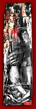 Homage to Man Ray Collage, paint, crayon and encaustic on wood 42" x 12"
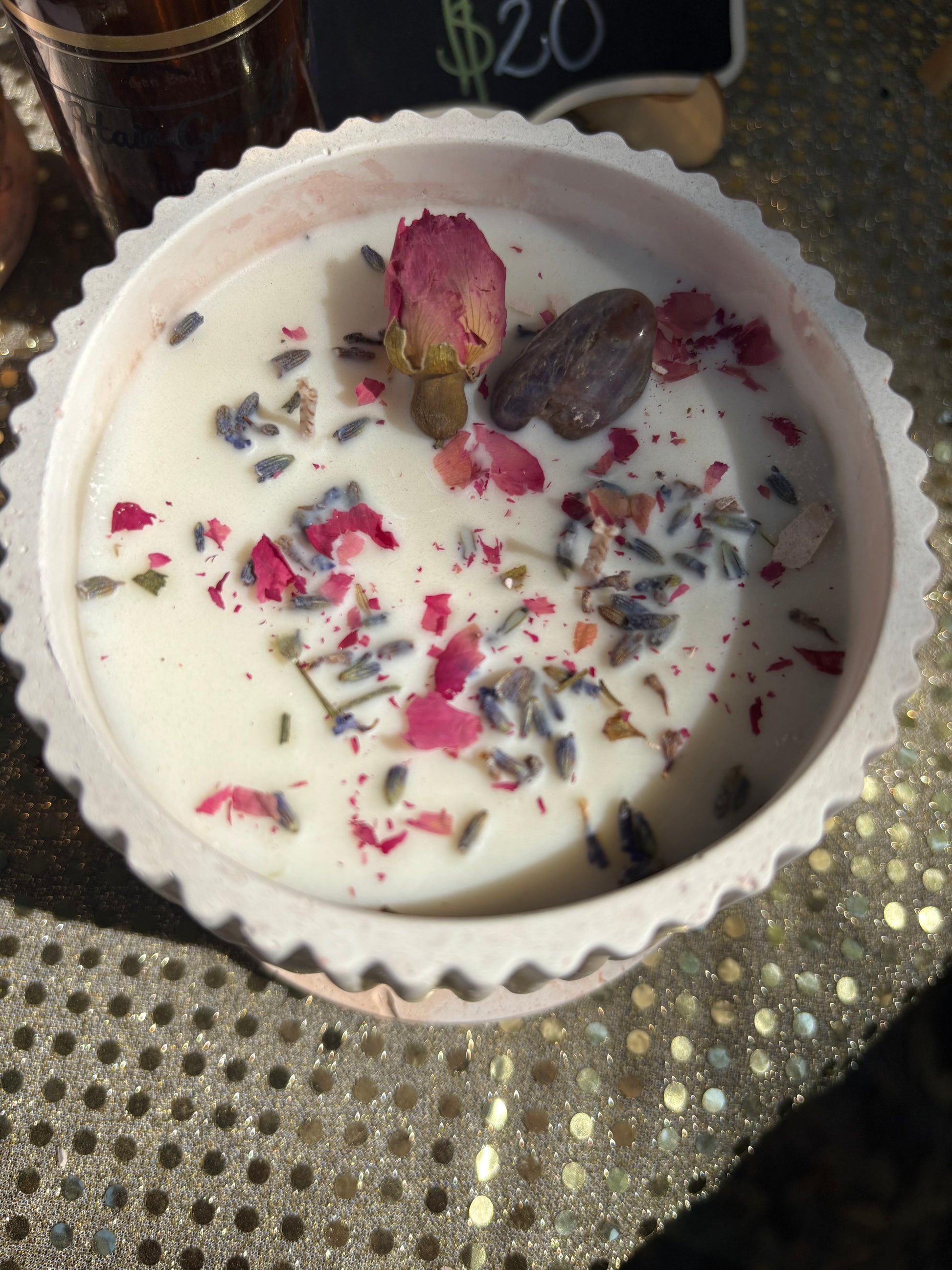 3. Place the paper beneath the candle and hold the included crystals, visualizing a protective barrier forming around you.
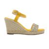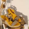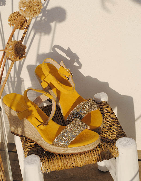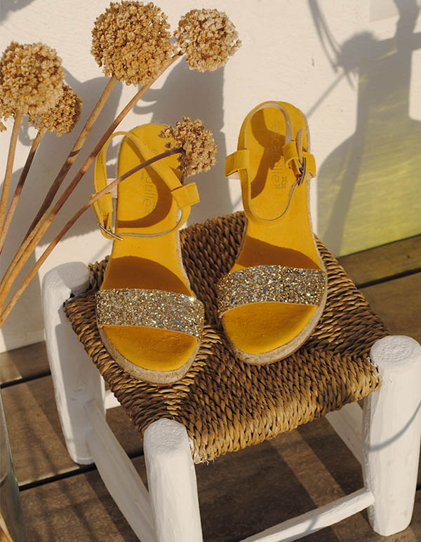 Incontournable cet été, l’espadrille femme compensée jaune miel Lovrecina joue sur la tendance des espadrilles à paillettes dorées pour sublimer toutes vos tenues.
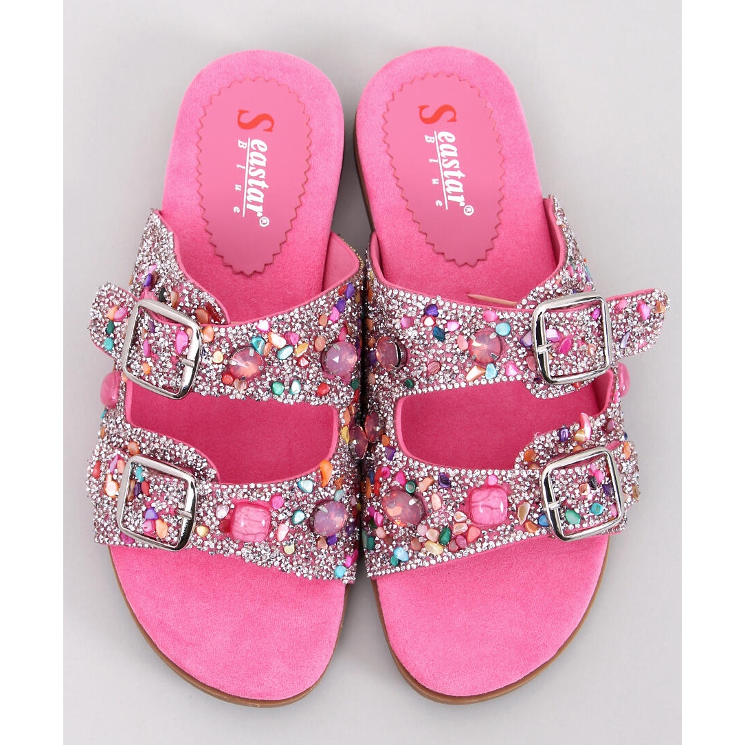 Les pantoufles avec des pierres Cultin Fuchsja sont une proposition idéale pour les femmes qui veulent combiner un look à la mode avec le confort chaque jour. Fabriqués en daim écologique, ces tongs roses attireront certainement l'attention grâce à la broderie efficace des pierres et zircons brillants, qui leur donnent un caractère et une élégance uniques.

*Exercise goal:*
Only the lines from the one containing "Incontournable cet été, l’espadrille" through the end of the listing should be output, word for word and inclusive; keep pictures out.

*Exercise result:*
 Incontournable cet été, l’espadrille femme compensée jaune miel Lovrecina joue sur la tendance des espadrilles à paillettes dorées pour sublimer toutes vos tenues.
 Les pantoufles avec des pierres Cultin Fuchsja sont une proposition idéale pour les femmes qui veulent combiner un look à la mode avec le confort chaque jour. Fabriqués en daim écologique, ces tongs roses attireront certainement l'attention grâce à la broderie efficace des pierres et zircons brillants, qui leur donnent un caractère et une élégance uniques.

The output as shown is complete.